Estou preocupada com esse meu sentimento, pois se as pessoas que amo estão felizes, eu então deveria ficar bem por estarem alegres? Não estou contente, pois acho que meus filhos escolhem qualquer coisa á minha companhia, bem é o que penso, passei um fim de ano sozinha em casa porque os dois saíram, quando reclamo dizem que não tenho amigos. O maior problema é que os criei para o mundo, porém, todavia, contudo, eu sinto falta de meus filhos. A maioria das vezes estou em casa com a minha Ana, só de pensar que em breve ela também estará com suas próprias asas, já me dá um medinho. Eu tenho amigos sim, más me recuso entrar muito na vida das pessoas, talvez por receio devido a ter quebrado a cara várias vezes. Meus filhos tem vergonha de mim. Será? Quem sabe eu não soube criá-los? Talves, se minha vida não tivesse sido tão dura no início, teria melhor forma para educá-los. Dói e muito, as vezes me peguei chorando. Sei que tem horas que passo dos limites, más o que fazer quando não se conseguiu viver a criança existente em nós um dia. O que fazer se as vezes ao voltar pra infância só encontro uma criança fazendo o papel de adulta! Será que isso não tem cura? Será que estou conflitando a mãe, a criança, e por isso os meus filhos ficam tristes comigo. Pode ser.

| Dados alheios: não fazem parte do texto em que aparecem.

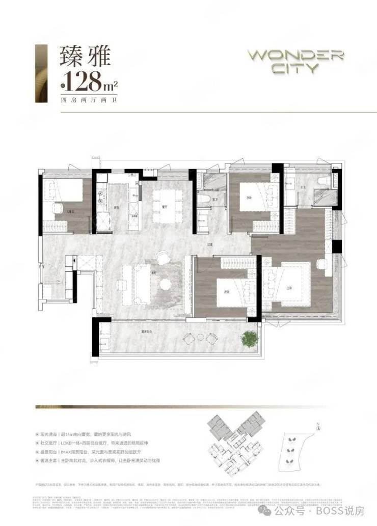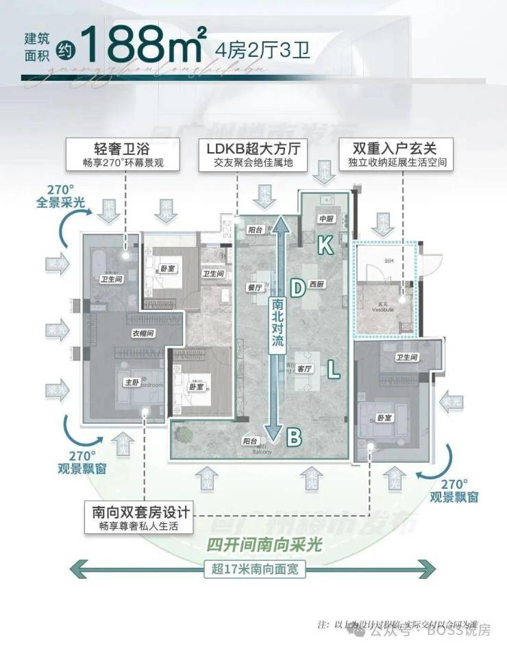 在售面积有122/137/143平四房两卫,168/188平四房三卫;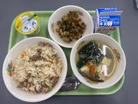 【メニュー】牛乳 焼き肉チャーハン ゴーヤとじゃこと大豆の揚げ煮 わかめスープ レモンヨーグルト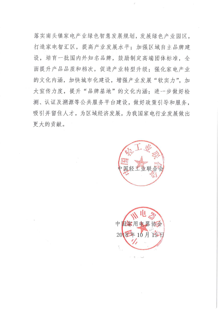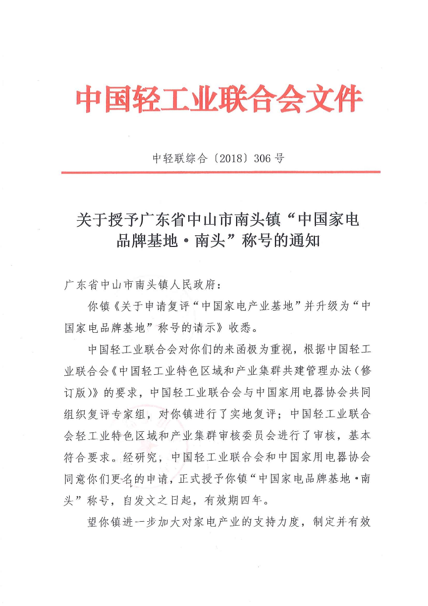 關(guān)于授予廣東省中山市南頭鎮(zhèn)“中國家電品牌基地·南頭”稱號的通知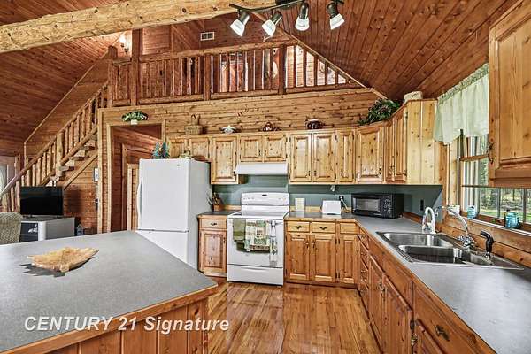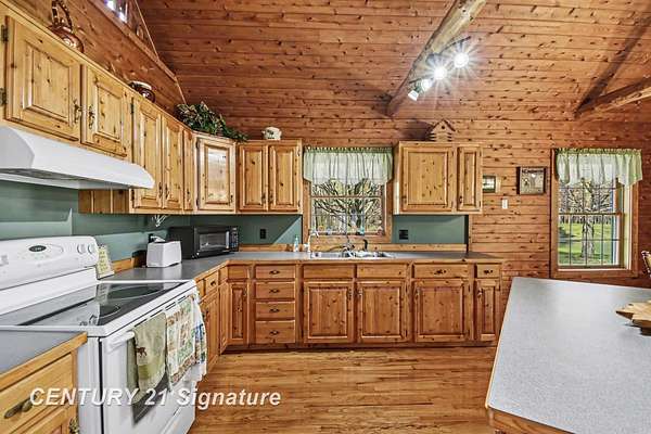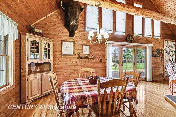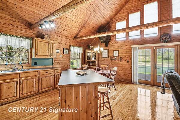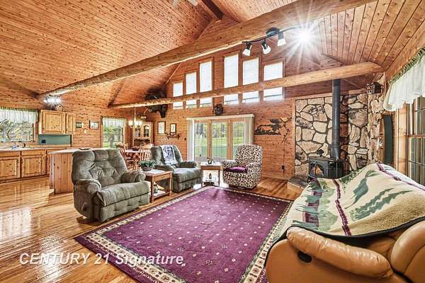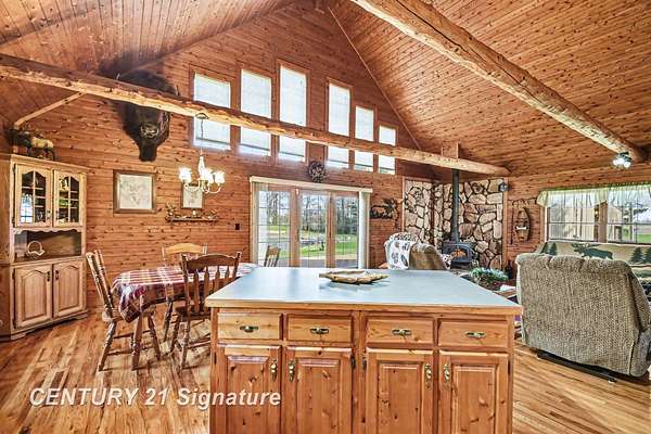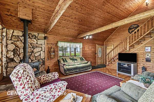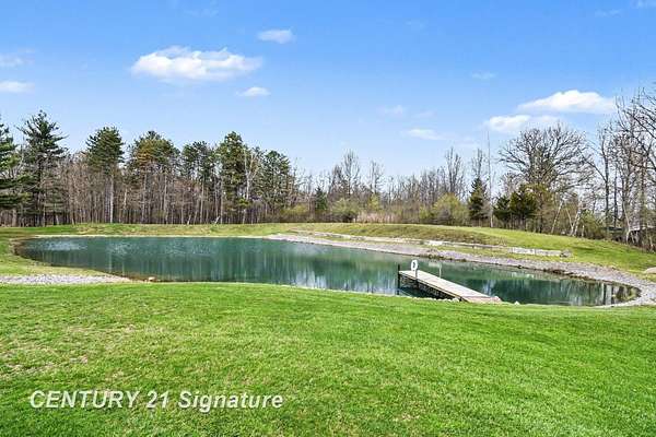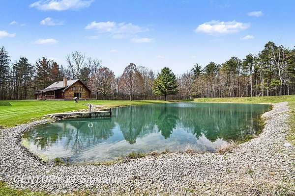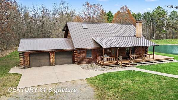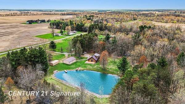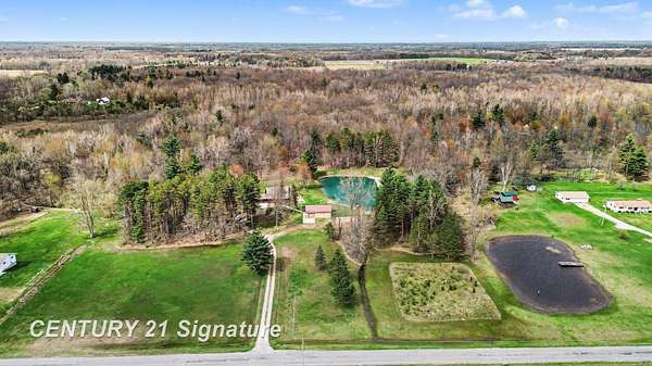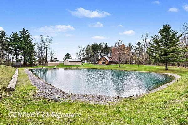 Enjoy the peaceful "up north" feeling without the long drive! This charming property offers the perfect blend of privacy, space, and functionality on 6 beautiful acres. Featuring 3 bedrooms and 2 full baths. The living room features a wood burner to keep you cozy during the winter months. Step outside and take in everything this property has to offer - a stocked pond ideal for fishing or quiet evenings by the water, a large deck perfect for entertaining or enjoying all of the wildlife. For those needing extra space, you'll appreciate the impressive 30x40 pole barn with electricity and the option to add heat, along with a 30x18 covered storage shed for additional equipment or toys. There's even a dog kennel with electricity, making this a great setup for animal lovers or hobbyists. Whether you're looking for a peaceful retreat or just more room to spread out, this property delivers the best of everything. Call today for your personal showing!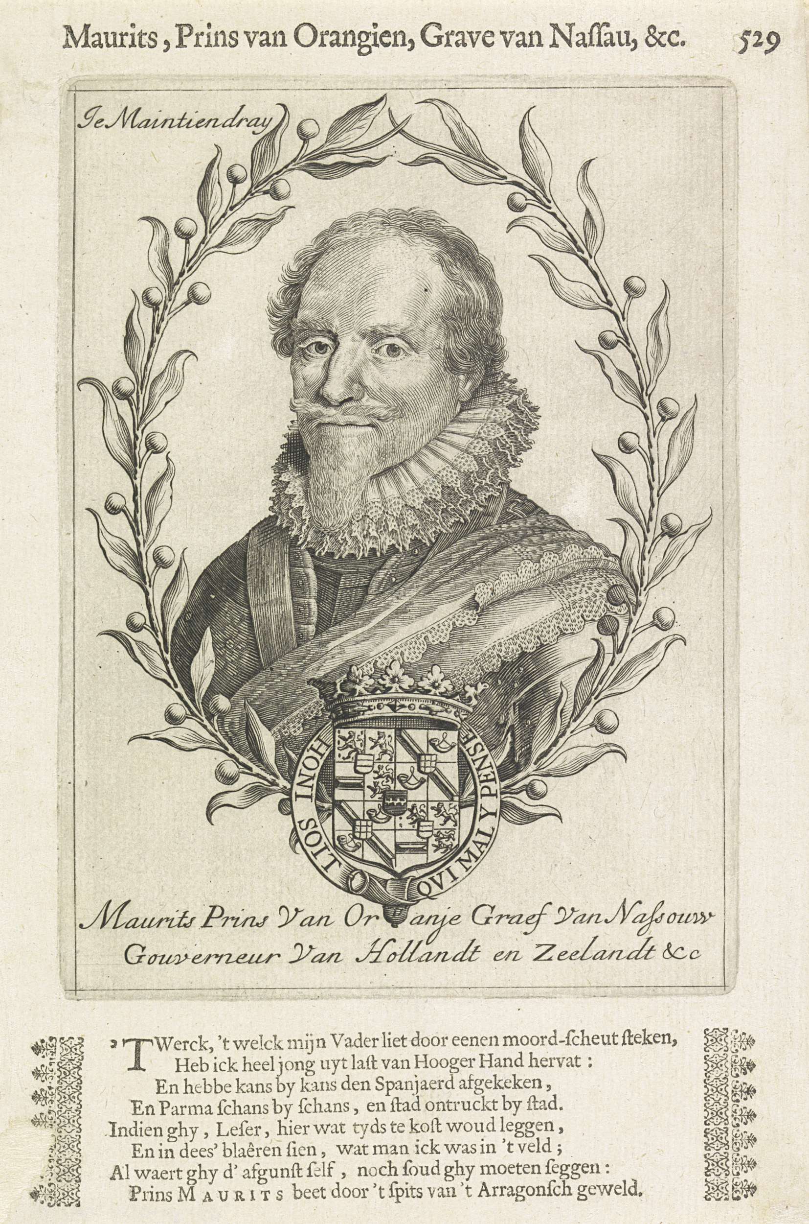Portret van Maurits in een ovaal van oranjetakken. Midden onder zijn wapen met een kroon, gedecoreerd met de Kousenband en het devies van de Orde van de Kousenband. Linksboven zijn geslachtsspreuk. In de ondermarge zijn naam.

Eu sempre sonhei com uma casa onde houvesse uma mesa gigante e todos pudessem almoçar juntos, isso ficou na mente sonhadora.  Porque quando chego em casa, após três dia seguidos trabalhando a noite, não encontro a minha casa arrumada, da forma que deixei? Será que o descaso é castigo por eu não ter sido uma mãe presente quando precisavam de mim? Tinha que trabalhar. Dinheiro não chega sozinho em casa, temos que ir atrás dele! 
Tenho uma alegria muito grande. Quando estou com os meus pacientes fico bem. Gosto de trabalhar.
Quero que meus filhos cresçam, financeiramente. Espero que sejam felizes. Eu amo os meus filhos, espero que eles nunca esqueçam disso!